# Lab bases antigen test now accepted



## Gary D (Oct 28, 2013)

Just announced, no more PCR test required, you can now use a lab based, you still need a certificate, antigen test within 24 hours of departure. IATF 165.


----------



## Gary D (Oct 28, 2013)

Gary D said:


> Just announced, no more PCR test required, you can now use a lab based, you still need a certificate, antigen test within 24 hours of departure. IATF 165.


Correction IATF 164 updated.


----------



## Phil UK Btn (Oct 28, 2021)

Ok, so how does this stack up with the One Health Pass?


----------



## Gary D (Oct 28, 2013)

Phil UK Btn said:


> Ok, so how does this stack up with the One Health Pass?

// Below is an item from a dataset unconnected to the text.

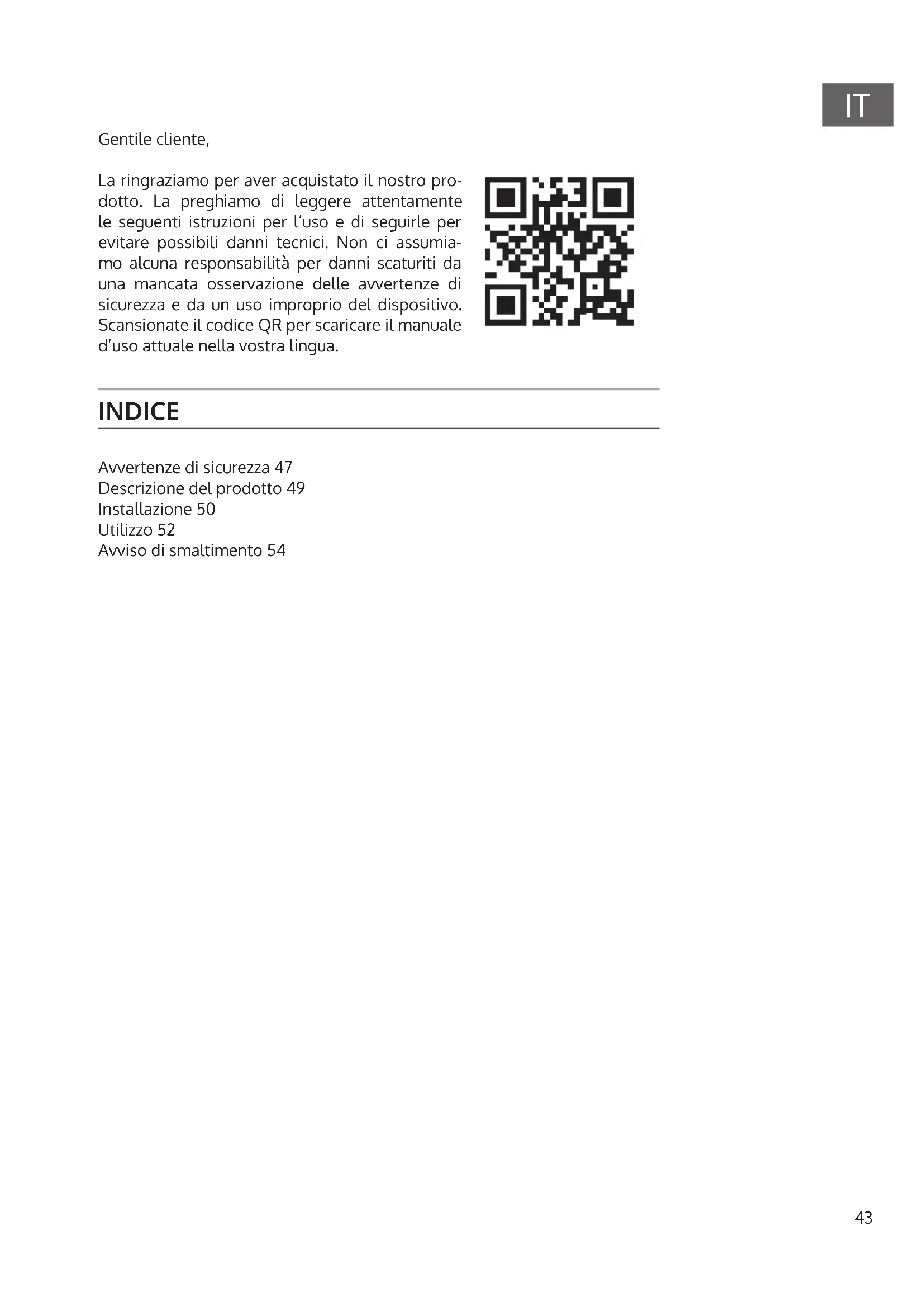 INDICE Avvertenze di sicurezza 47 Descrizione del prodotto 49 Installazione 50 Utilizzo 52 Avviso di smaltimento 54 Gentile cliente, La ringraziamo per aver acquistato il nostro pro- dotto. La preghiamo di leggere attentamente le seguenti istruzioni per l’uso e di seguirle per evitare possibili danni tecnici. Non ci assumia- mo alcuna responsabilità per danni scaturiti da una mancata osservazione delle avvertenze di sicurezza e da un uso improprio del dispositivo. Scansionate il codice QR per scaricare il manuale d’uso attuale nella vostra lingua.44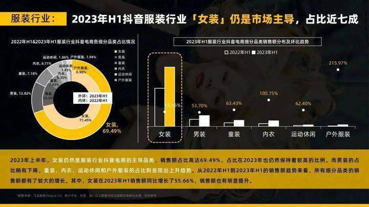 2023年H1抖音服裝行業「女裝」仍是市場主導,佔比近七

I guess you record the result the same as with the PCR test.


----------



## Phil UK Btn (Oct 28, 2021)

The registration form has a selector "Do you have RT-PCR test result taken 48 hours...". If you select Yes then a field is provided to upload an image of the PCR test result. One possibility is that you select Yes even if you have Antigen rather than PCR and then upload the image of the antigen.

Maybe!

Planning to travel next week so we will see.

Phil.


----------



## Phil UK Btn (Oct 28, 2021)

One Health Pass has now been updated to allow uploading of antigen test result


----------